Attempting to use OCR to allow Sorting pages Using Windows Searching Contents, OCR Number Accuracy... Recommendations?

This Forum is for the use of End Users requiring help and assistance for Tracker Software's PDF-Tools.

Moderators: TrackerSupp-Daniel, Tracker Support, Chris - Tracker Supp, Vasyl-Tracker Dev Team, Sean - Tracker, Tracker Supp-Stefan

Post Reply
NoteApplicabble
User
Posts: 9
Joined: Sat Oct 02, 2021 8:52 pm

Attempting to use OCR to allow Sorting pages Using Windows Searching Contents, OCR Number Accuracy... Recommendations?

Post by NoteApplicabble » Tue Oct 12, 2021 8:18 pm

I am trying to digitally sort Ballot images by Precinct from locations that had voters from multiple precincts voting at a single location. (Early voting, Absentee Ballots, where they were all mixed up. Election ballot images were not saved during the election. And in re-scanning pages, there is no presorting happening.

I'm hoping someone might have a recommendation on how to tighten up the accuracy.

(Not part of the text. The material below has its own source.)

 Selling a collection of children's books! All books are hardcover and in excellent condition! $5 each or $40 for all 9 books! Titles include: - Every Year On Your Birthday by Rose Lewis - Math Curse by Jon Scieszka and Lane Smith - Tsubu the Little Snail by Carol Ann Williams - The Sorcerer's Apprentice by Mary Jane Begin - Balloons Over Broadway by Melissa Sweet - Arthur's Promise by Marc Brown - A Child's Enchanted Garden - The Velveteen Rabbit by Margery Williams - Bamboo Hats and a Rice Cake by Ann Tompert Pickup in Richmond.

Steps I'm attempting to use PDF-Tools to facilitate this process:
  1. Split 100-400 page batches of ballot scans into individual pages, place them into a single folder,
  2. Add OCR to individual pages after having been split,
  3. After OCR has been applied I want to be able with 100% accuracy to search the contents of PDF documents within Windows 10 for a precinct number & ballot variation.
    (Example is searching: "1615-A" 1615 is the precinct number in the top right corner of the ballot and A is the variation of the ballot items for different voters within that one precinct.)

    By doing this I want to find every ballot page image for that precinct to be able to move it into an individual Windows folder with contents limited to only that precinct.
I am having about 1% of the ballots being missed because the OCR process is misreading, etc. the Precinct number and Ballot Variation or other applications can't seem to search the document at all.

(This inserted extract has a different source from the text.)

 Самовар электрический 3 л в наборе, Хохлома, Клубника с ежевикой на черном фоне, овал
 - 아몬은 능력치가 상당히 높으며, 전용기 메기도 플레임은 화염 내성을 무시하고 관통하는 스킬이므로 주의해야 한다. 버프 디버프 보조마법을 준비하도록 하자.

Some Ballot variation are being interpreted like the following. Instead of: "2117-A" it is creates as: "2 117 -A"; & "1 4 1 9 -A" instead of "1419-A"

Some documents are searchable in PDF-XChange Editor but not in Adobe Acrobat Reader DC. I wonder if the same trouble Adobe is having trouble searching the document is the same reason Windows 10 can't find the contents of the document either.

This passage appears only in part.